*** Opening of AVAILABLE DATA ***

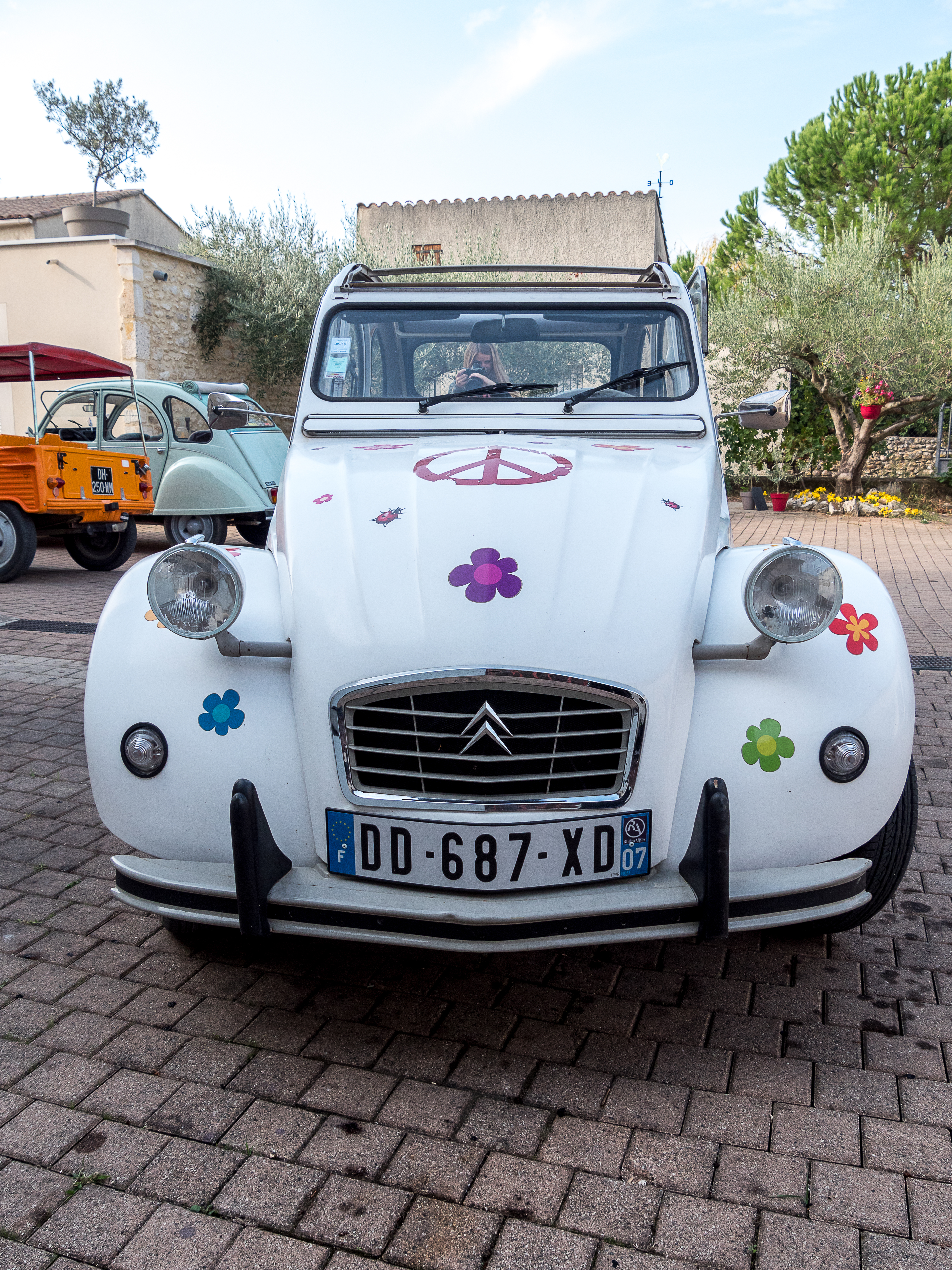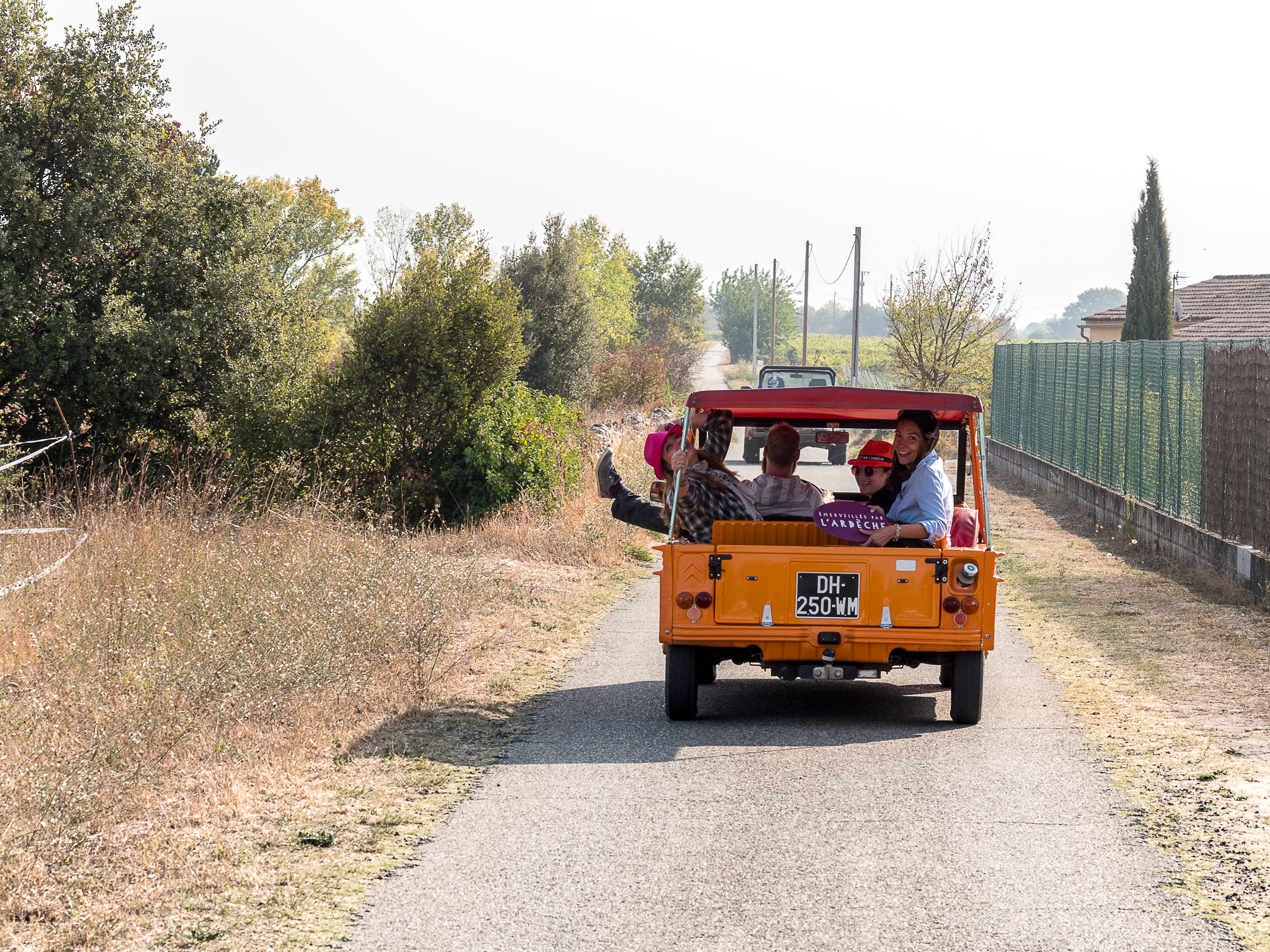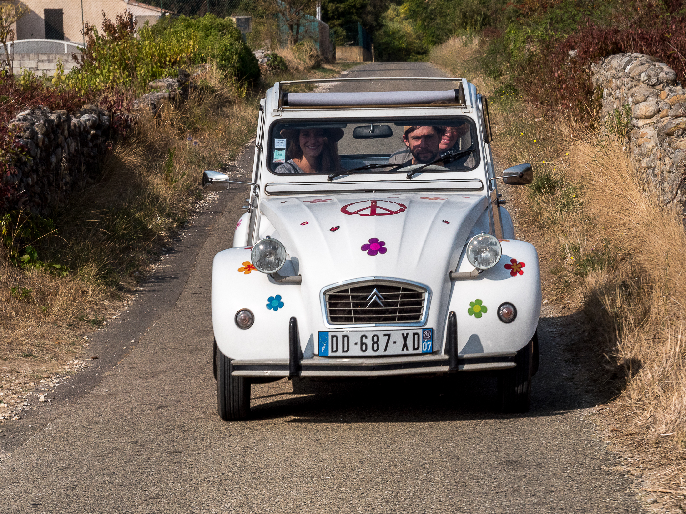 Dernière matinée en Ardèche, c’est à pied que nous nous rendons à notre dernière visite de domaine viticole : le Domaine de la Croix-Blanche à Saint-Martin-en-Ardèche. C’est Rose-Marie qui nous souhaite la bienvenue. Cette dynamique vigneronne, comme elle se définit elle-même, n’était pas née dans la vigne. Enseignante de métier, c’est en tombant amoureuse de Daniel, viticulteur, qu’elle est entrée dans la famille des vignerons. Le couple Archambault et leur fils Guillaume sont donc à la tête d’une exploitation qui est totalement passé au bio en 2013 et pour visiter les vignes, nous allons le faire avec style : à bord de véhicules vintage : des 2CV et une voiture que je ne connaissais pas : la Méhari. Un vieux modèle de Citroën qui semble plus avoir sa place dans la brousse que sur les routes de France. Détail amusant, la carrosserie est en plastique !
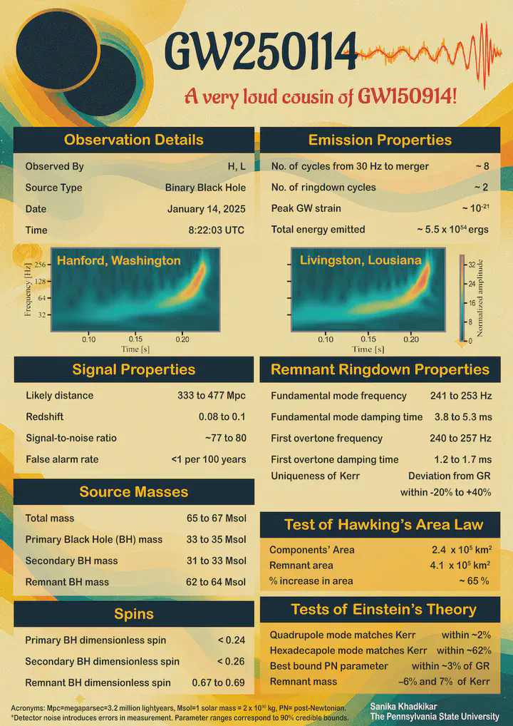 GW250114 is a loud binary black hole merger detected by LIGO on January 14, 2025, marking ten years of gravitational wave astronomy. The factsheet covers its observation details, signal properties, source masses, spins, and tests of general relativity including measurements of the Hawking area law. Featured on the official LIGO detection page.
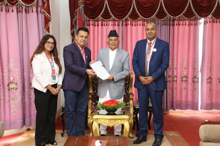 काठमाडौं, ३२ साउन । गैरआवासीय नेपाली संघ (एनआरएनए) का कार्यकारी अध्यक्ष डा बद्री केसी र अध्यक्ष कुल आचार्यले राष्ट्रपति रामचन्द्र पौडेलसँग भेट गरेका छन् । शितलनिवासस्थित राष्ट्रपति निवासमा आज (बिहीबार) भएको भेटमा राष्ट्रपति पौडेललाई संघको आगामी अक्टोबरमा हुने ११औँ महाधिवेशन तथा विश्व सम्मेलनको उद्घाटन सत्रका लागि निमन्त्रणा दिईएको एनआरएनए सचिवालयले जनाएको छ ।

*** Close of AVAILABLE DATA ***
*** Opening of AVAILABLE DATA ***

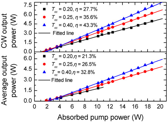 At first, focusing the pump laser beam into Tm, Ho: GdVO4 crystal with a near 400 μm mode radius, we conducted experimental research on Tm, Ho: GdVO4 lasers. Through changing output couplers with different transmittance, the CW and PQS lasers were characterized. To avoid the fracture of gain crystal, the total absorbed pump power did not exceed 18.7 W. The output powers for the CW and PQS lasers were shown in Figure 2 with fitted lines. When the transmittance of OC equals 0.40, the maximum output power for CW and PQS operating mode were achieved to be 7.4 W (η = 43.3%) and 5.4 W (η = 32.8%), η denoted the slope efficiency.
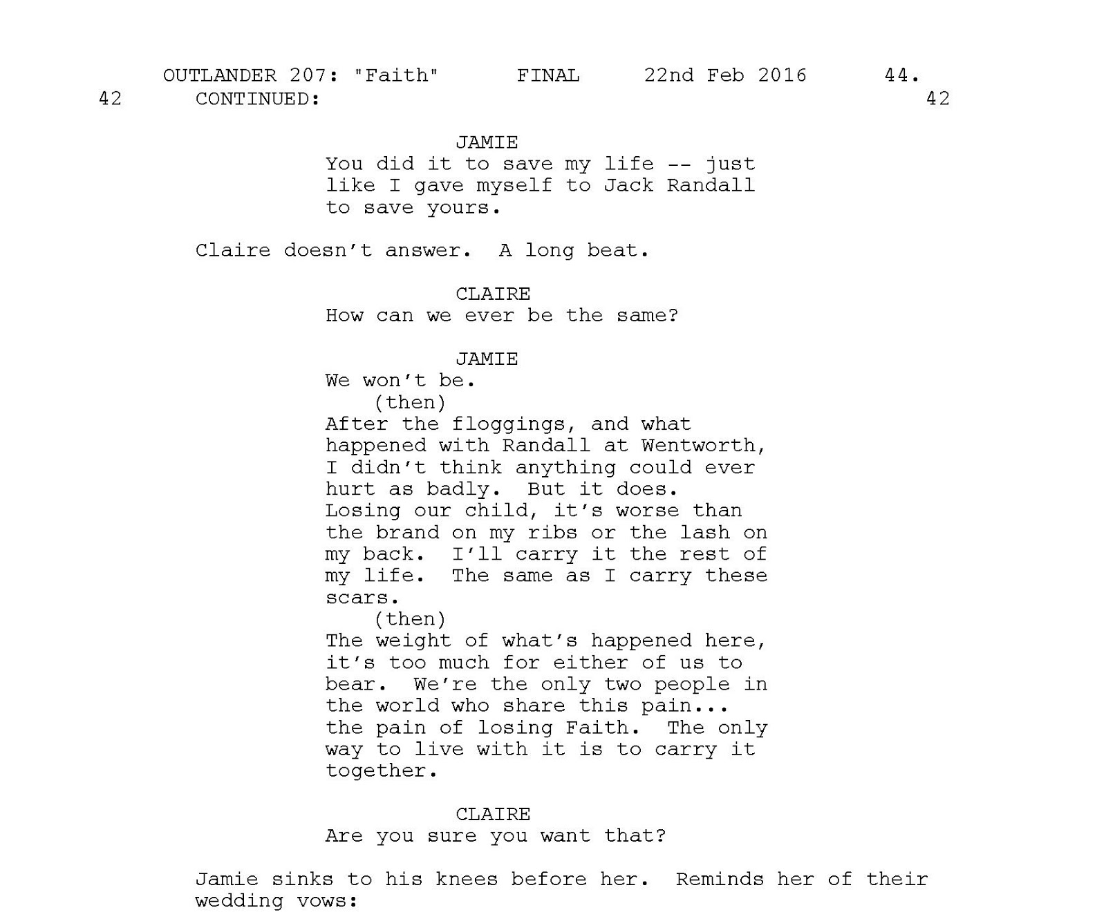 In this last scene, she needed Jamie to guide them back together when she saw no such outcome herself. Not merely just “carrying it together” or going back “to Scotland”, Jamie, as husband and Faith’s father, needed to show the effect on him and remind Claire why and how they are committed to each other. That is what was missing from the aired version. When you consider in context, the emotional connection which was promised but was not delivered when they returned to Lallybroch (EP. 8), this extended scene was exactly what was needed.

*** Close of AVAILABLE DATA ***
*** Opening of AVAILABLE DATA ***

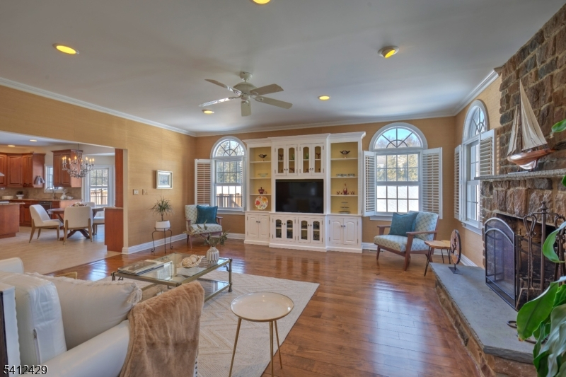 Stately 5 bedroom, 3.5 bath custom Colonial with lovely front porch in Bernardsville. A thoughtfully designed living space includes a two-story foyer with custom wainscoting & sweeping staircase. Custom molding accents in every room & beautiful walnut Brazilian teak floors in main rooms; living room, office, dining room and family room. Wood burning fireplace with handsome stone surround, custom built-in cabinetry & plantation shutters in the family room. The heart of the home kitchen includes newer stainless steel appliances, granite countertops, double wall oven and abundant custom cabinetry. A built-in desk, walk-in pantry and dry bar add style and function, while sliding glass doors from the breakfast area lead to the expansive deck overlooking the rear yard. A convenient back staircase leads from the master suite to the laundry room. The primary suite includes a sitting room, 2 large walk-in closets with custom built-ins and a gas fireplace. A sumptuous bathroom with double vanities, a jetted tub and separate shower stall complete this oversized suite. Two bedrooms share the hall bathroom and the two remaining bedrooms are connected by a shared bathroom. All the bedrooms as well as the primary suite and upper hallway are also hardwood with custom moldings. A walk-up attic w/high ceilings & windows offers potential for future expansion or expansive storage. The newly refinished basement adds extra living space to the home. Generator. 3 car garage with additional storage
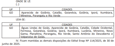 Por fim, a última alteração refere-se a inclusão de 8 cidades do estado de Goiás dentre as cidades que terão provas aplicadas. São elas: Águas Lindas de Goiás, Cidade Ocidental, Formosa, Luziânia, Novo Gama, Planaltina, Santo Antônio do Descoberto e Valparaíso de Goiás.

*** Close of AVAILABLE DATA ***

Output only the lines above from the one containing "GW250114 is a" to the one containing "काठमाडौं, ३२ साउन", both included, exactly as written and with no pictures.

FINAL ANSWER:
 GW250114 is a loud binary black hole merger detected by LIGO on January 14, 2025, marking ten years of gravitational wave astronomy. The factsheet covers its observation details, signal properties, source masses, spins, and tests of general relativity including measurements of the Hawking area law. Featured on the official LIGO detection page.
 काठमाडौं, ३२ साउन । गैरआवासीय नेपाली संघ (एनआरएनए) का कार्यकारी अध्यक्ष डा बद्री केसी र अध्यक्ष कुल आचार्यले राष्ट्रपति रामचन्द्र पौडेलसँग भेट गरेका छन् । शितलनिवासस्थित राष्ट्रपति निवासमा आज (बिहीबार) भएको भेटमा राष्ट्रपति पौडेललाई संघको आगामी अक्टोबरमा हुने ११औँ महाधिवेशन तथा विश्व सम्मेलनको उद्घाटन सत्रका लागि निमन्त्रणा दिईएको एनआरएनए सचिवालयले जनाएको छ ।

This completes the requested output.